[Work required] Could you repeat the entries below exactly, but only from the line with "お花のヘッドバンドがセットに" through the line with "Berdasarkan PDB menurut", and without any picture?

[Source material]
"""

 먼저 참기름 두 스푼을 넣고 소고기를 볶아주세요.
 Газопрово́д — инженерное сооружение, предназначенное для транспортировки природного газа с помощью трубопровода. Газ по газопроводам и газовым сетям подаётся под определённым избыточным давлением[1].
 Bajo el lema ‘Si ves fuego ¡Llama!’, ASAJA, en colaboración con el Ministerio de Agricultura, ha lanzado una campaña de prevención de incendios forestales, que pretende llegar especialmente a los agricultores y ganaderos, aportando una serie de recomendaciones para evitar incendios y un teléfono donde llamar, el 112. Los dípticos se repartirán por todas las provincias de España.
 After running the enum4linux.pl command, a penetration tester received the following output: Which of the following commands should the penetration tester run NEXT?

"""
"""

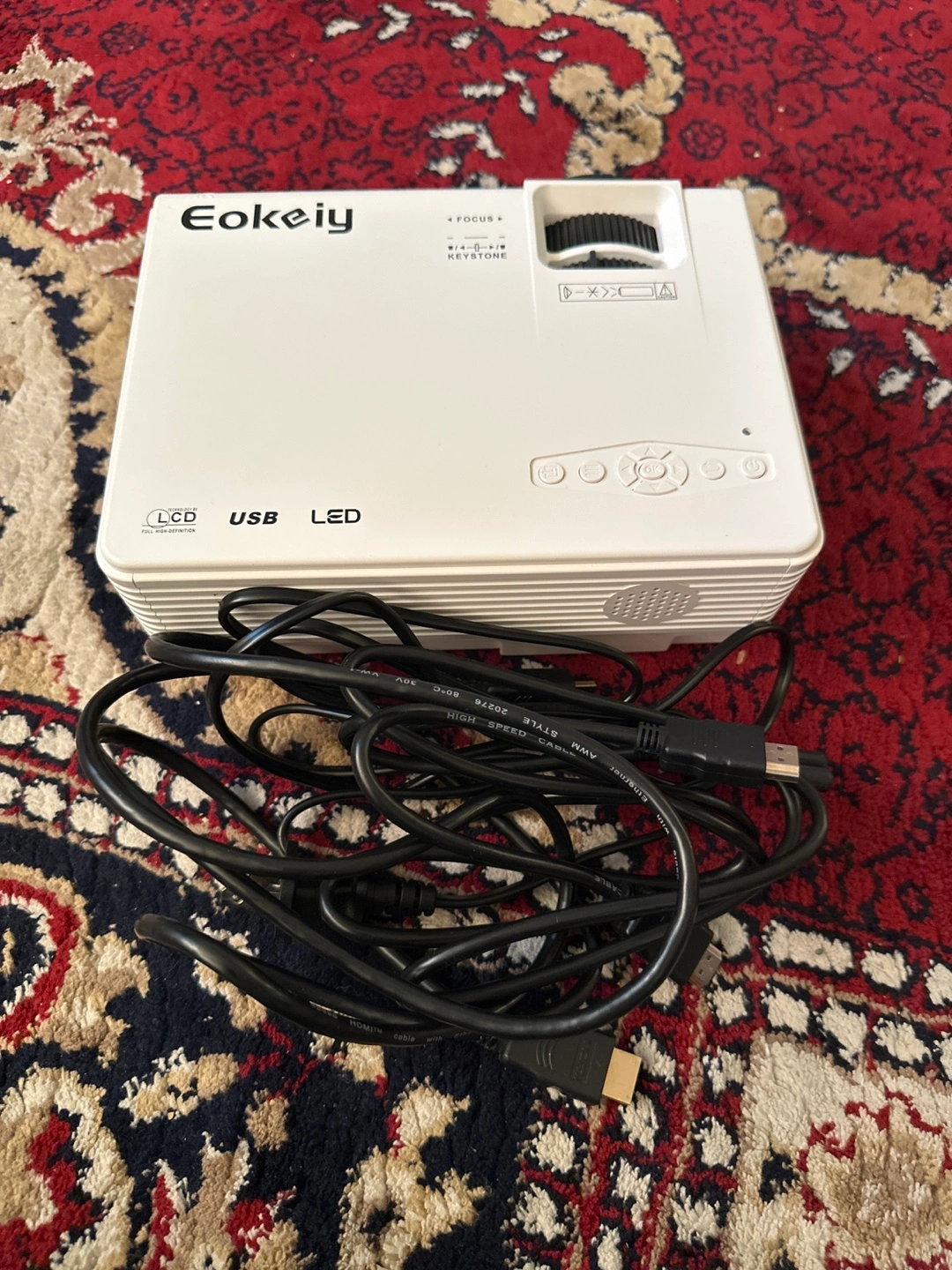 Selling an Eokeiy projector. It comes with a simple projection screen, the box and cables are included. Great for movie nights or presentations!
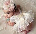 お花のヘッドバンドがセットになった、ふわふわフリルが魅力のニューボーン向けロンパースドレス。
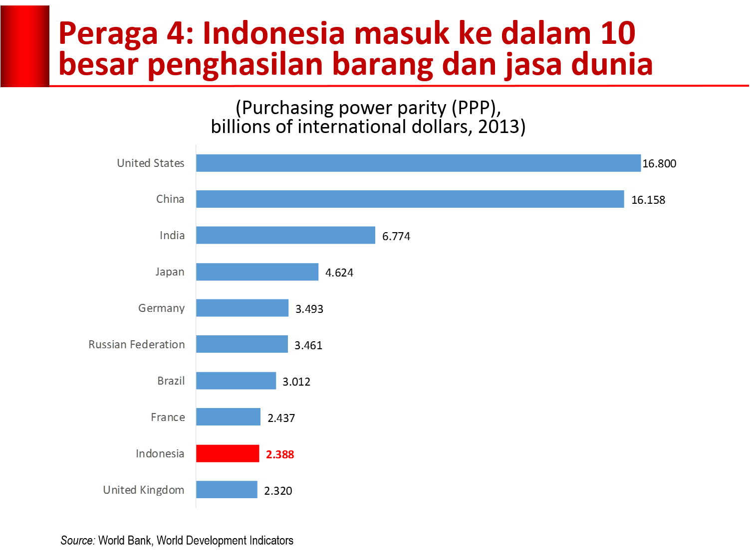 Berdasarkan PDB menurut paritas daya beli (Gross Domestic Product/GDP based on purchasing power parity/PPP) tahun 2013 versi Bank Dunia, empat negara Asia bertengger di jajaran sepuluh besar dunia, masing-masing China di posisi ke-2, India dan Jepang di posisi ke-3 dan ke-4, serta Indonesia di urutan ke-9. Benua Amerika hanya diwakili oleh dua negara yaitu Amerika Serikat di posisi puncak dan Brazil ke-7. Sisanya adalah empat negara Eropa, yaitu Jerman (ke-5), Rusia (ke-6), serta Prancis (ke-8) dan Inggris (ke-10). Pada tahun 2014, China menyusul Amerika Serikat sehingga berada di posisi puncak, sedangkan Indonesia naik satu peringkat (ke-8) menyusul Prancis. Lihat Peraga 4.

"""
"""

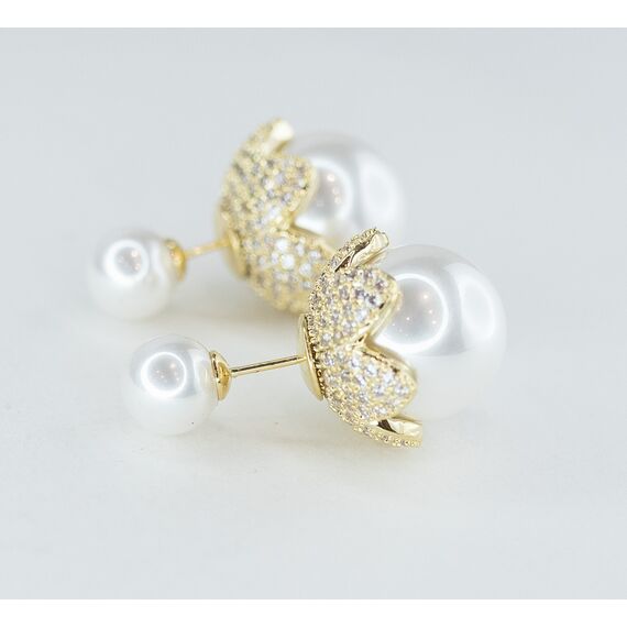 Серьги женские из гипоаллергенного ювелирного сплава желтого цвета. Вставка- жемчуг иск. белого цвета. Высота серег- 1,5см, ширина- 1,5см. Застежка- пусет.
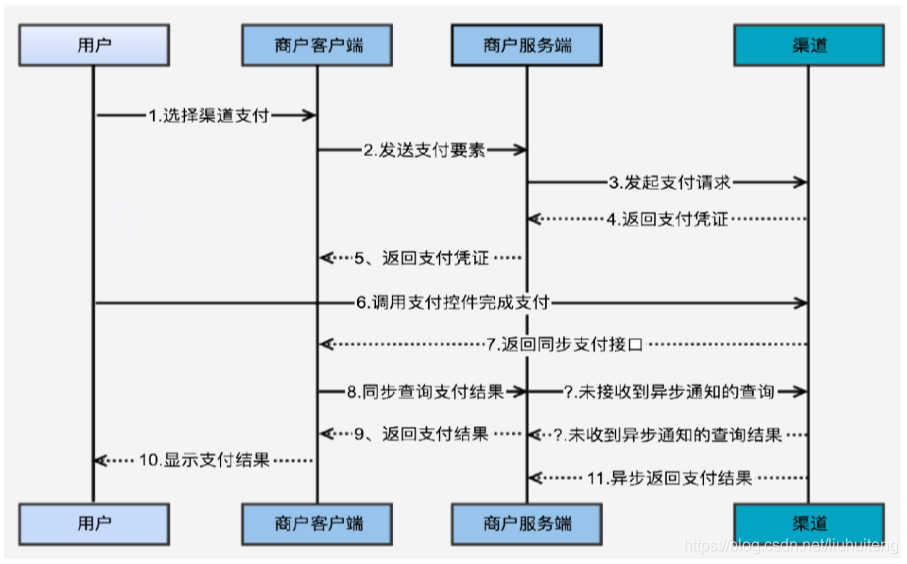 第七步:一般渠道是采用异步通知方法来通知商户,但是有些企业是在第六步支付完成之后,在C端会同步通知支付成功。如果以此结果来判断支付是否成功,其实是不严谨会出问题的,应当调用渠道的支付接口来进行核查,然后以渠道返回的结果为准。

"""

[Expected output]
 お花のヘッドバンドがセットになった、ふわふわフリルが魅力のニューボーン向けロンパースドレス。
 Berdasarkan PDB menurut paritas daya beli (Gross Domestic Product/GDP based on purchasing power parity/PPP) tahun 2013 versi Bank Dunia, empat negara Asia bertengger di jajaran sepuluh besar dunia, masing-masing China di posisi ke-2, India dan Jepang di posisi ke-3 dan ke-4, serta Indonesia di urutan ke-9. Benua Amerika hanya diwakili oleh dua negara yaitu Amerika Serikat di posisi puncak dan Brazil ke-7. Sisanya adalah empat negara Eropa, yaitu Jerman (ke-5), Rusia (ke-6), serta Prancis (ke-8) dan Inggris (ke-10). Pada tahun 2014, China menyusul Amerika Serikat sehingga berada di posisi puncak, sedangkan Indonesia naik satu peringkat (ke-8) menyusul Prancis. Lihat Peraga 4.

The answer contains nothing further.